- **STUDY MATERIAL**
============================================================

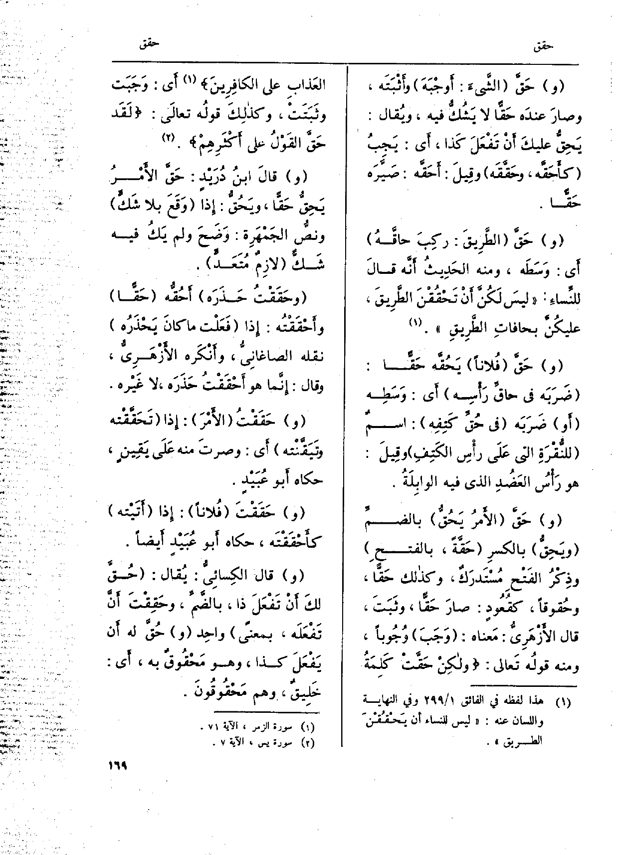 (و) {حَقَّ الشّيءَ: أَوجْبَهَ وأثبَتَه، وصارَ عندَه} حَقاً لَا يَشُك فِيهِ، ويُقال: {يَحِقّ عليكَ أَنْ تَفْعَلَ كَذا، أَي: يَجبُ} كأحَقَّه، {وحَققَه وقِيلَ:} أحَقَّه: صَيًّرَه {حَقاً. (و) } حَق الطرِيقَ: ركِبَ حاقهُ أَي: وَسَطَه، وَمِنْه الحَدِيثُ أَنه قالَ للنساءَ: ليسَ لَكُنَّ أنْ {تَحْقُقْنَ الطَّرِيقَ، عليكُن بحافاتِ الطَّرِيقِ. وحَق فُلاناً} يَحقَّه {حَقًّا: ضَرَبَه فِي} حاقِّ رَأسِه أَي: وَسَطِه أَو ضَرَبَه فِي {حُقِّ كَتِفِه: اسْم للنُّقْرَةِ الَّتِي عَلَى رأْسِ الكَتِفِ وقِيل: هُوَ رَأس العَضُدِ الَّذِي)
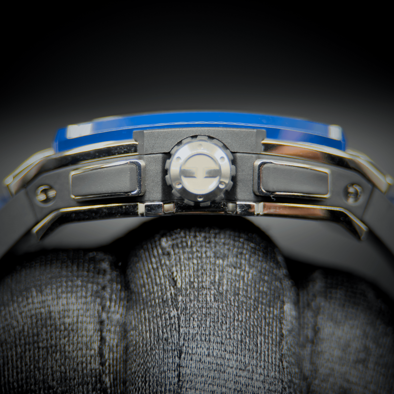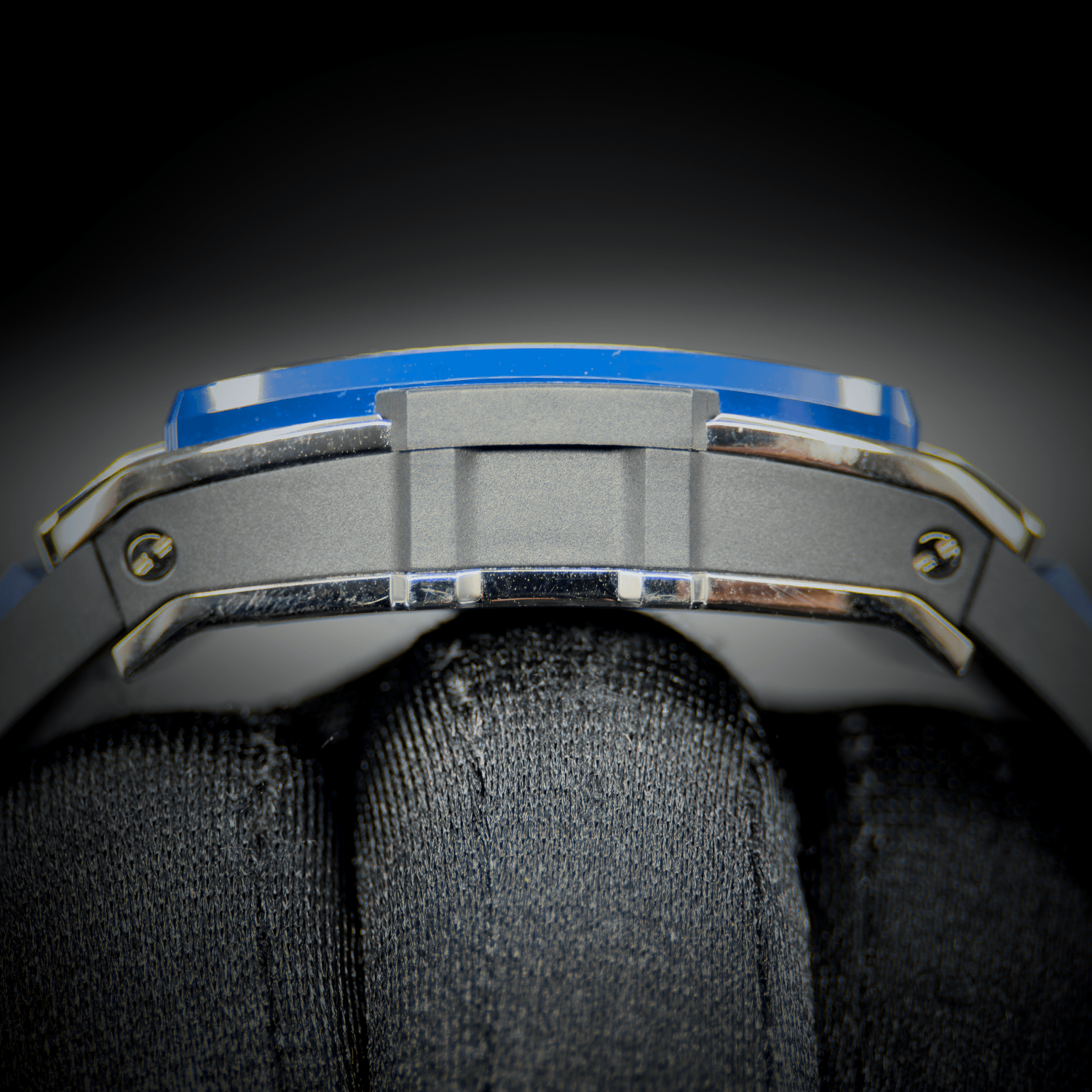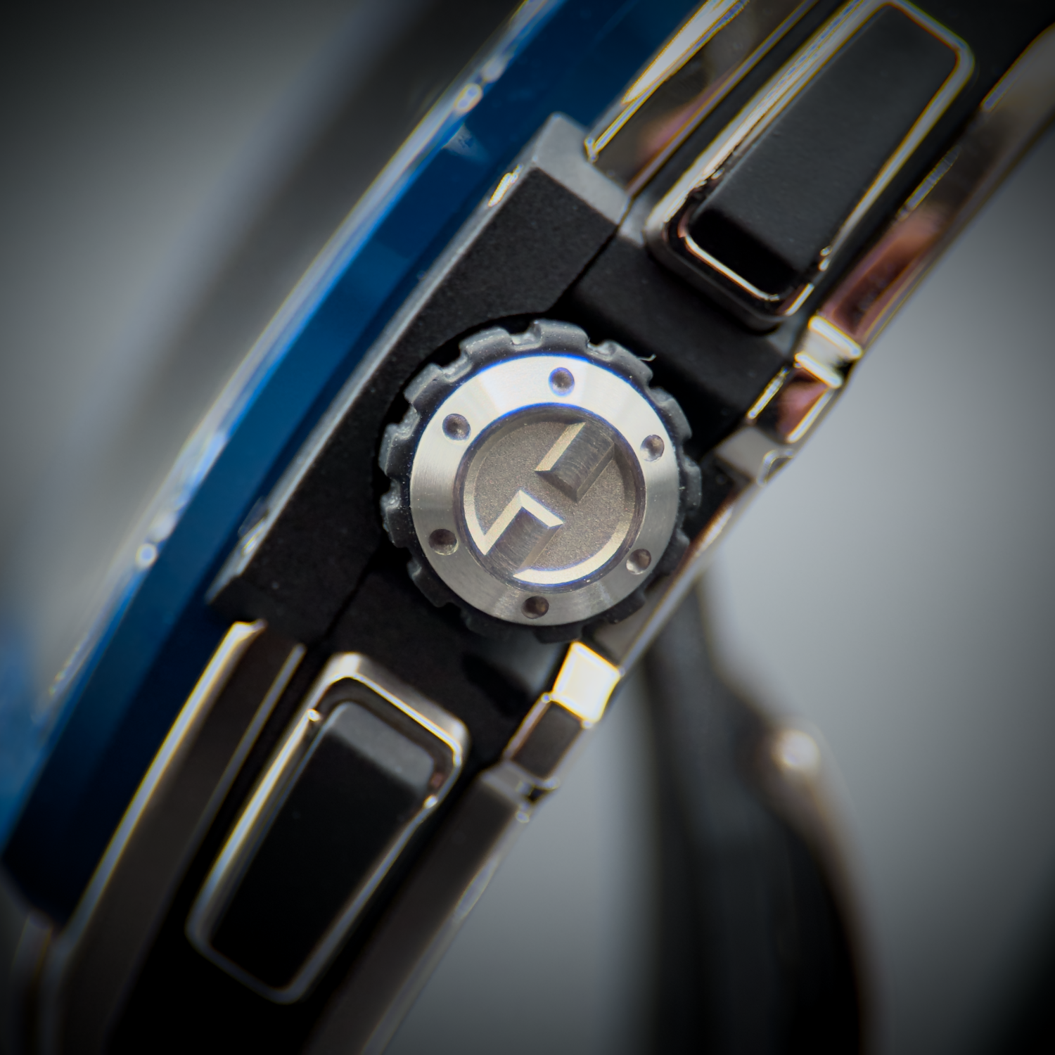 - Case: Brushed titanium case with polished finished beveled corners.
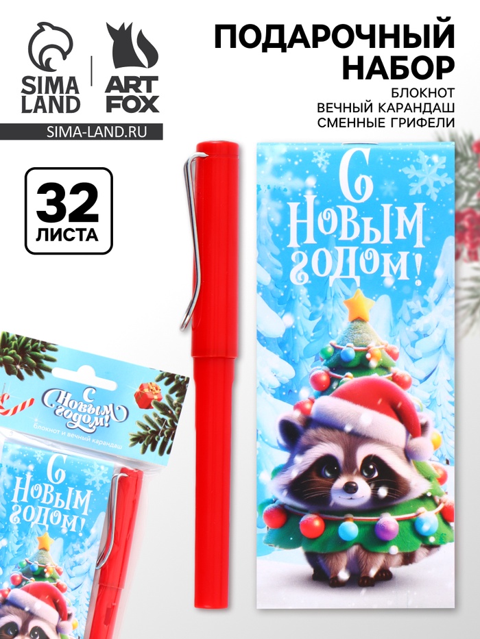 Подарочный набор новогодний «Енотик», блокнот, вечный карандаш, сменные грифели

============================================================

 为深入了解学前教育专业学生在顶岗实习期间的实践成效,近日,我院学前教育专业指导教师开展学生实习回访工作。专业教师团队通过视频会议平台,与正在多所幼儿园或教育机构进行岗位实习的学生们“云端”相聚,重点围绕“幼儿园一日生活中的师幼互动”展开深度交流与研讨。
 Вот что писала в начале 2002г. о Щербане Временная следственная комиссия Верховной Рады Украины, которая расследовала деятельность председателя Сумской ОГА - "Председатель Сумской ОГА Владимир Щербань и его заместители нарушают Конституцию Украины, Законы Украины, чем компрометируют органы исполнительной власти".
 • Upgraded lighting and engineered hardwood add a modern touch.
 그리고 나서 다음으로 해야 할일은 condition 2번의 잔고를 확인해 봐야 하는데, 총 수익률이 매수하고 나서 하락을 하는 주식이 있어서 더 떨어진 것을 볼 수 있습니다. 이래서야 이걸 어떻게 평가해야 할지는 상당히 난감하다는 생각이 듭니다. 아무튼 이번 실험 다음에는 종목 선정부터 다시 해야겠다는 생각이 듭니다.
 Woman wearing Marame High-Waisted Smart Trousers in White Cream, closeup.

============================================================

The output is the stretch above from the line with "رَأس العَضُدِ الَّذِي)" through the line with "- Case: Brushed", copied word for word with both ends kept and every picture dropped.

 (و) {حَقَّ الشّيءَ: أَوجْبَهَ وأثبَتَه، وصارَ عندَه} حَقاً لَا يَشُك فِيهِ، ويُقال: {يَحِقّ عليكَ أَنْ تَفْعَلَ كَذا، أَي: يَجبُ} كأحَقَّه، {وحَققَه وقِيلَ:} أحَقَّه: صَيًّرَه {حَقاً. (و) } حَق الطرِيقَ: ركِبَ حاقهُ أَي: وَسَطَه، وَمِنْه الحَدِيثُ أَنه قالَ للنساءَ: ليسَ لَكُنَّ أنْ {تَحْقُقْنَ الطَّرِيقَ، عليكُن بحافاتِ الطَّرِيقِ. وحَق فُلاناً} يَحقَّه {حَقًّا: ضَرَبَه فِي} حاقِّ رَأسِه أَي: وَسَطِه أَو ضَرَبَه فِي {حُقِّ كَتِفِه: اسْم للنُّقْرَةِ الَّتِي عَلَى رأْسِ الكَتِفِ وقِيل: هُوَ رَأس العَضُدِ الَّذِي)
 - Case: Brushed titanium case with polished finished beveled corners.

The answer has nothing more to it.